**Work to complete**: An image-free, verbatim transcription of the records is the expected result.

**Exercise materials**:

++++++++++

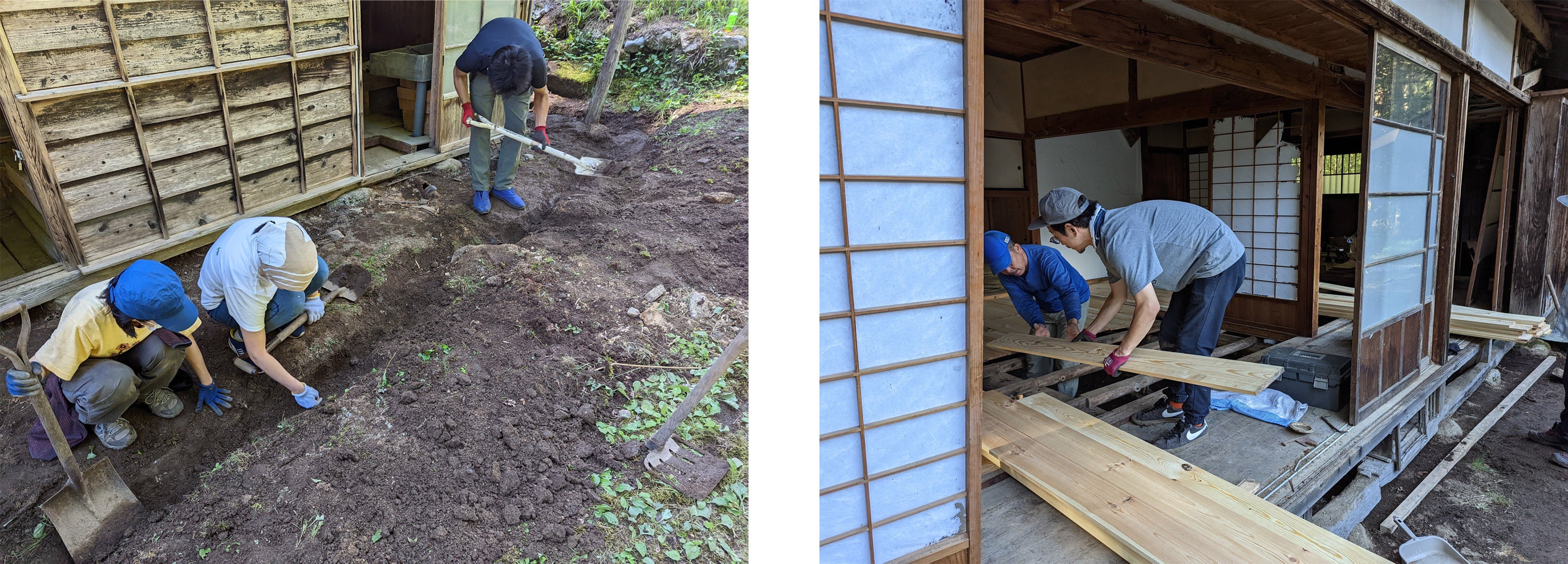 去年(2022年)には、床下に堆積した土砂の鋤取りと建物周辺の整備を行いました。
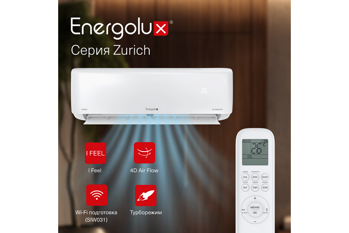 Инверторная сплит-система Energolux ZURICH Inverter SAS12Z5-AI/SAU12Z5-AI – комфорт и эффективность в вашем доме! ❄️
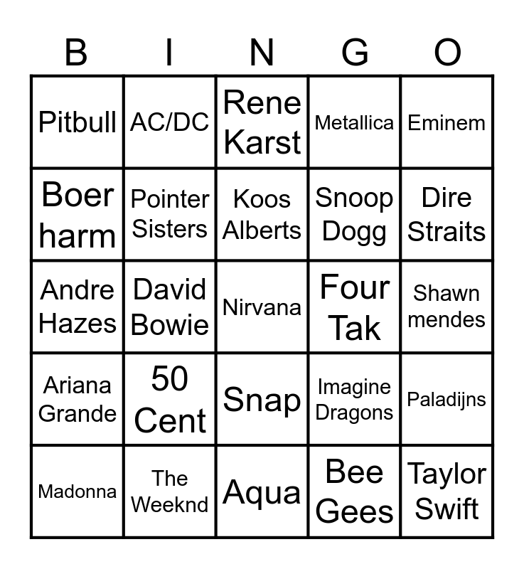 This bingo card has a free space and 64 words: Nena, Elvis Presley, Henk Wijngaard, Paladijns, The Police, Jan Smit, AC/DC, Black Eyed Peas, Koos Alberts, Vengaboys, Snap, Guns N' Roses, Shawn mendes, Eminem, Elton John, Boer harm, David Bowie, Pitbull, Bon Jovi, Snoop Dogg, 50 Cent, Ariana Grande, Metallica, David Guetta, TOTO, Michael Jackson, Bonnie Taylor, Queen, ABBA, Cyndi Lauper, Rick Astley, Bryan Adams, Rammstein, Kiss, Dire Straits, Madonna, Rolling Stones, Bee Gees, Boney .M, Pointer Sisters, Andre Hazes, Four Tak, Anita Berends, Wilma, Joost, Taylor Swift, The Weeknd, Dua Lipa, Imagine Dragons, UB40, Bob Marley, Donnie, Aqua, Normaal, Britney Spears, Billy Joel, Rene Karst, Guus Meeuwis, Tears For Fears, Iron Maiden, Wolfgang, Frans Bauer, OMD and Brunner & Brunner.
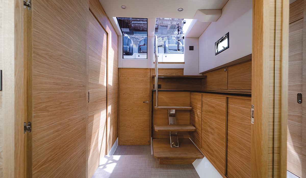 Infine, ecco la configurazione che consente di imbarcare un uomo di equipaggio: due cabine doppie con cabina marinaio e relativi servizi.
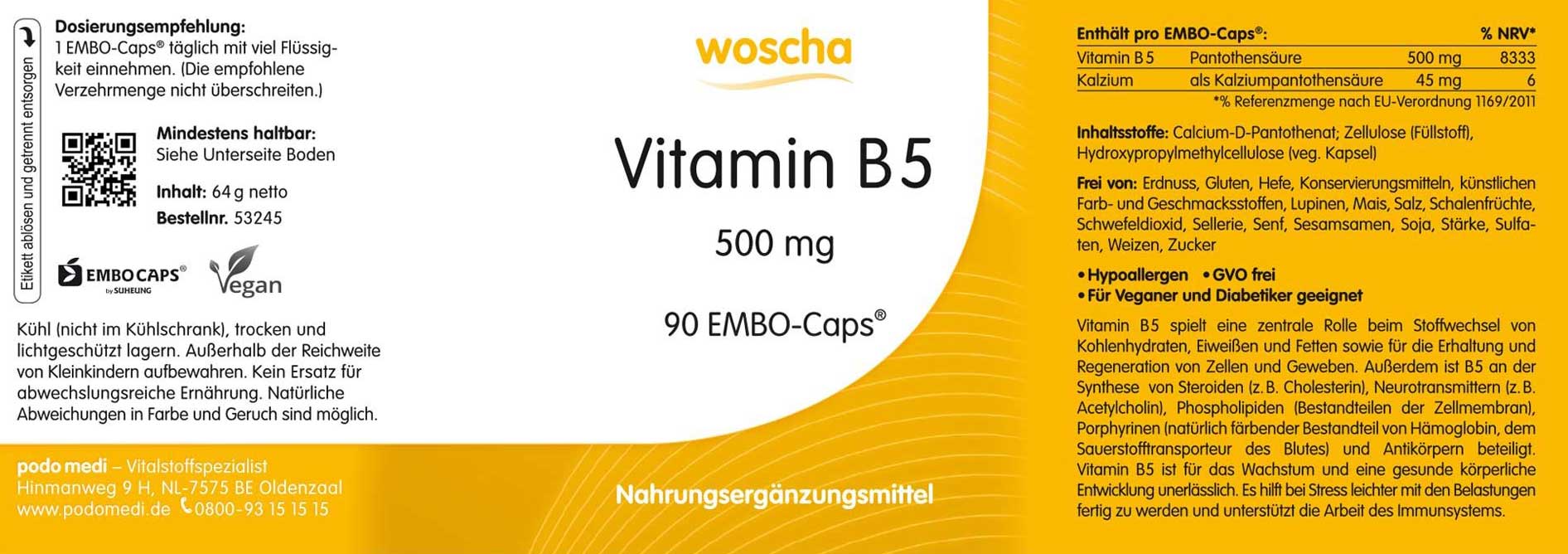 As the capsule shells of the patented EMBO-CAPS® are made of cellulose, WOSCHA Vitamin B5 is suitable for vegetarians and vegans.
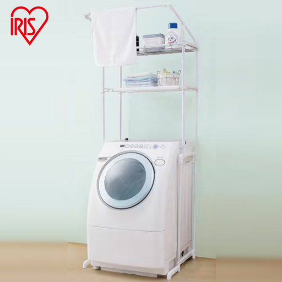 洗濯機まわりの整理に、伸縮可能なランドリーラック
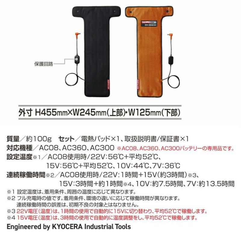 バートル サーモクラフト 電熱パッド TC500 単品 AC08・AC360・AC300専用 電熱ウェア 発熱 防寒 THERMO CRAFT 作業服 プロノ BURTLE
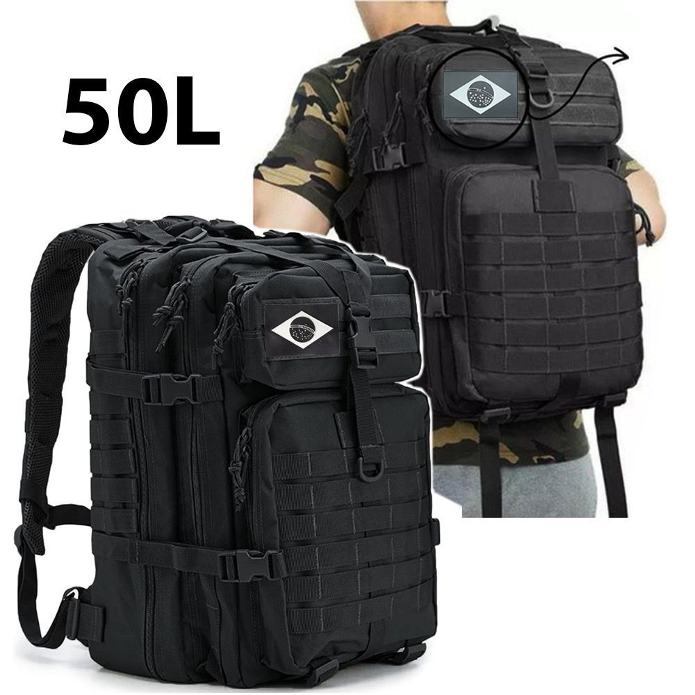 Mochila Militar Tática 50 Litros Grande Impermeável + Patch Preto Qualidade Premium
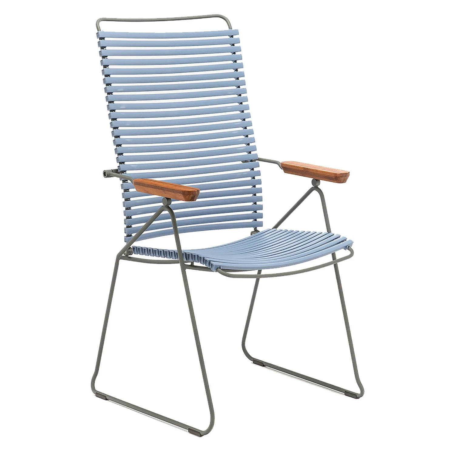 Dieser Stuhl von Houe ist Teil der Click-Serie, die von Henrik Pedersen entworfen. Der komfortable Stuhl verfügt über eine verstellbare Rückenlehne, so dass Sie leicht zurücklehnen und entspannen, und es eignet sich sowohl für Kinder und Erwachsene. Klicken Sie sind mit einem Rahmen aus pulverbeschichtetem grauem Metall, ein Sitz aus Kunststofflamellen und zwei Armlehnen in Bambus. Erhältlich in 14 verschiedenen Farben.
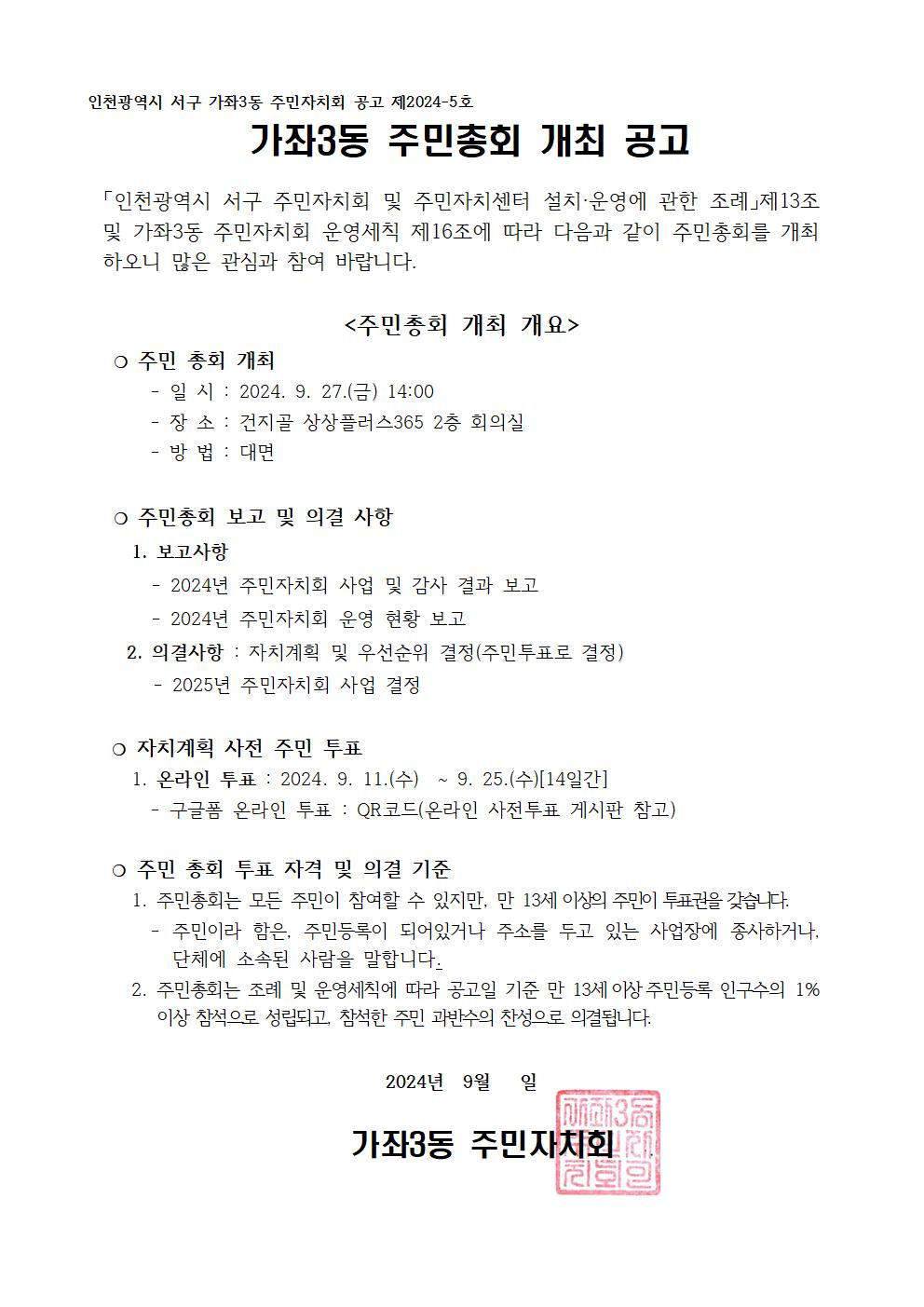 「인천광역시 서구 주민자치회 및 주민자치센터 설치.운영에 관한 조례」제13조 제3항에 의거 2024년 가좌3동 주민총회 개최를 공고합니다.
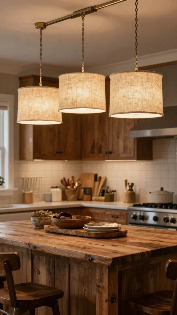 Drum shade light fixtures provide a versatile solution for rustic kitchen island lighting. Their rounded shape creates soft, diffused light that warms up the space beautifully. Opt for shades made of natural fabrics like linen for a cozy feel, or metal for a modern twist.
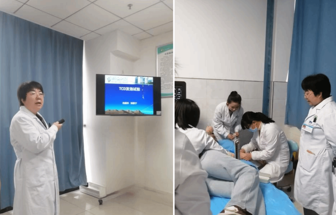 该技术通过静脉注射手震微气泡生理盐水,可清晰显示常规超声难以捕捉的细微血流分流信号。帮扶专家介绍,此项技术对不明原因脑卒中、偏头痛等疾病的诊断敏感性高,检查过程仅需10-20分钟,且具有无辐射、成本低的优势,非常适合在基层医院推广应用。培训中,专家团队通过专题授课细致解析技术原理、适应症及图像判读标准,并采用“示范-指导-独立操作”阶梯式带教模式,帮助学员快速掌握规范操作与临床诊疗思路。
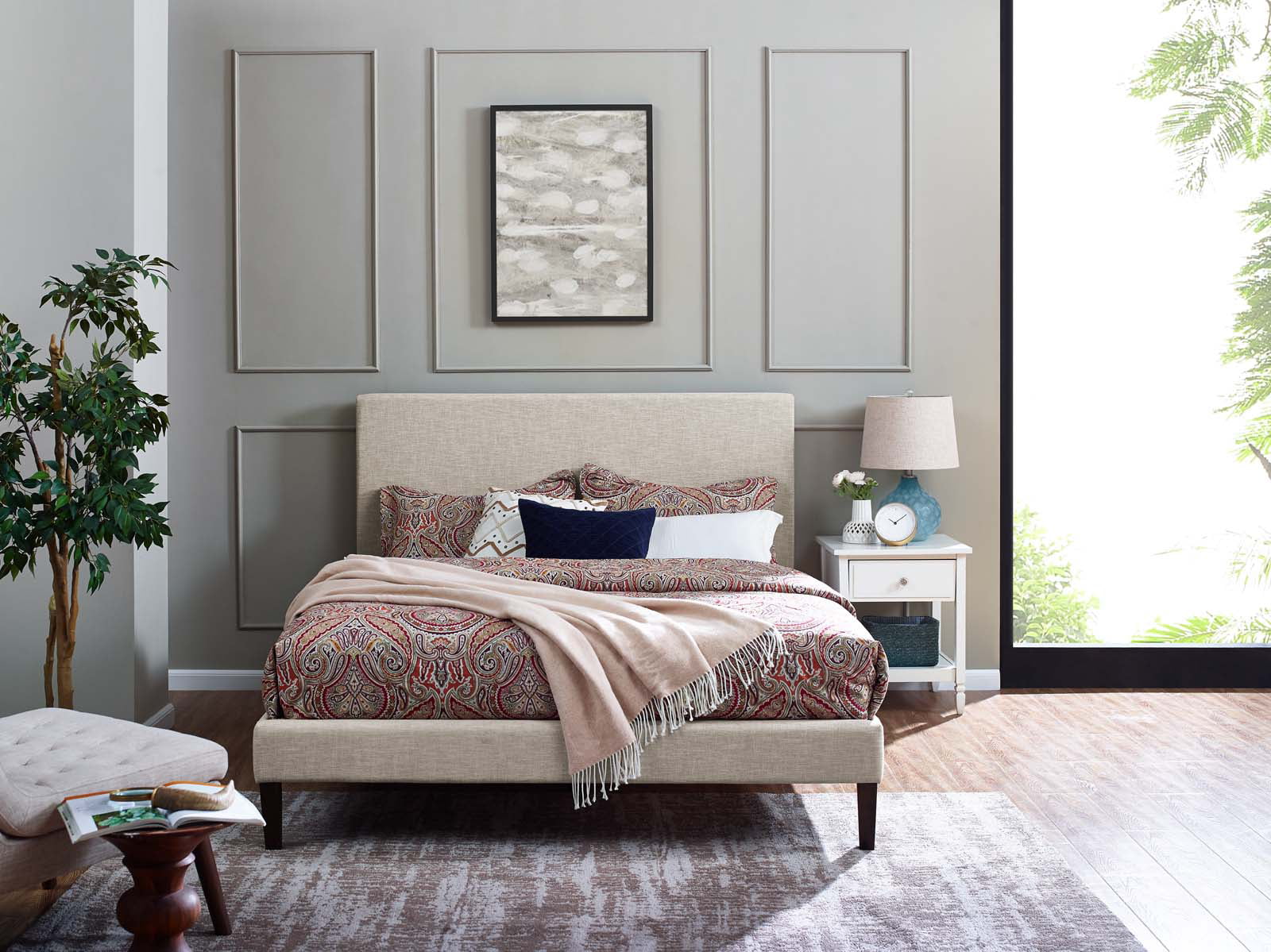 Baxton Studio Edith Modern and Contemporary Greyish Beige Fabric Queen Size Headboard

++++++++++

**Response to the exercise**:
 去年(2022年)には、床下に堆積した土砂の鋤取りと建物周辺の整備を行いました。
 Инверторная сплит-система Energolux ZURICH Inverter SAS12Z5-AI/SAU12Z5-AI – комфорт и эффективность в вашем доме! ❄️
 This bingo card has a free space and 64 words: Nena, Elvis Presley, Henk Wijngaard, Paladijns, The Police, Jan Smit, AC/DC, Black Eyed Peas, Koos Alberts, Vengaboys, Snap, Guns N' Roses, Shawn mendes, Eminem, Elton John, Boer harm, David Bowie, Pitbull, Bon Jovi, Snoop Dogg, 50 Cent, Ariana Grande, Metallica, David Guetta, TOTO, Michael Jackson, Bonnie Taylor, Queen, ABBA, Cyndi Lauper, Rick Astley, Bryan Adams, Rammstein, Kiss, Dire Straits, Madonna, Rolling Stones, Bee Gees, Boney .M, Pointer Sisters, Andre Hazes, Four Tak, Anita Berends, Wilma, Joost, Taylor Swift, The Weeknd, Dua Lipa, Imagine Dragons, UB40, Bob Marley, Donnie, Aqua, Normaal, Britney Spears, Billy Joel, Rene Karst, Guus Meeuwis, Tears For Fears, Iron Maiden, Wolfgang, Frans Bauer, OMD and Brunner & Brunner.
 Infine, ecco la configurazione che consente di imbarcare un uomo di equipaggio: due cabine doppie con cabina marinaio e relativi servizi.
 As the capsule shells of the patented EMBO-CAPS® are made of cellulose, WOSCHA Vitamin B5 is suitable for vegetarians and vegans.
 洗濯機まわりの整理に、伸縮可能なランドリーラック
 バートル サーモクラフト 電熱パッド TC500 単品 AC08・AC360・AC300専用 電熱ウェア 発熱 防寒 THERMO CRAFT 作業服 プロノ BURTLE
 Mochila Militar Tática 50 Litros Grande Impermeável + Patch Preto Qualidade Premium
 Dieser Stuhl von Houe ist Teil der Click-Serie, die von Henrik Pedersen entworfen. Der komfortable Stuhl verfügt über eine verstellbare Rückenlehne, so dass Sie leicht zurücklehnen und entspannen, und es eignet sich sowohl für Kinder und Erwachsene. Klicken Sie sind mit einem Rahmen aus pulverbeschichtetem grauem Metall, ein Sitz aus Kunststofflamellen und zwei Armlehnen in Bambus. Erhältlich in 14 verschiedenen Farben.
 「인천광역시 서구 주민자치회 및 주민자치센터 설치.운영에 관한 조례」제13조 제3항에 의거 2024년 가좌3동 주민총회 개최를 공고합니다.
 Drum shade light fixtures provide a versatile solution for rustic kitchen island lighting. Their rounded shape creates soft, diffused light that warms up the space beautifully. Opt for shades made of natural fabrics like linen for a cozy feel, or metal for a modern twist.
 该技术通过静脉注射手震微气泡生理盐水,可清晰显示常规超声难以捕捉的细微血流分流信号。帮扶专家介绍,此项技术对不明原因脑卒中、偏头痛等疾病的诊断敏感性高,检查过程仅需10-20分钟,且具有无辐射、成本低的优势,非常适合在基层医院推广应用。培训中,专家团队通过专题授课细致解析技术原理、适应症及图像判读标准,并采用“示范-指导-独立操作”阶梯式带教模式,帮助学员快速掌握规范操作与临床诊疗思路。
 Baxton Studio Edith Modern and Contemporary Greyish Beige Fabric Queen Size Headboard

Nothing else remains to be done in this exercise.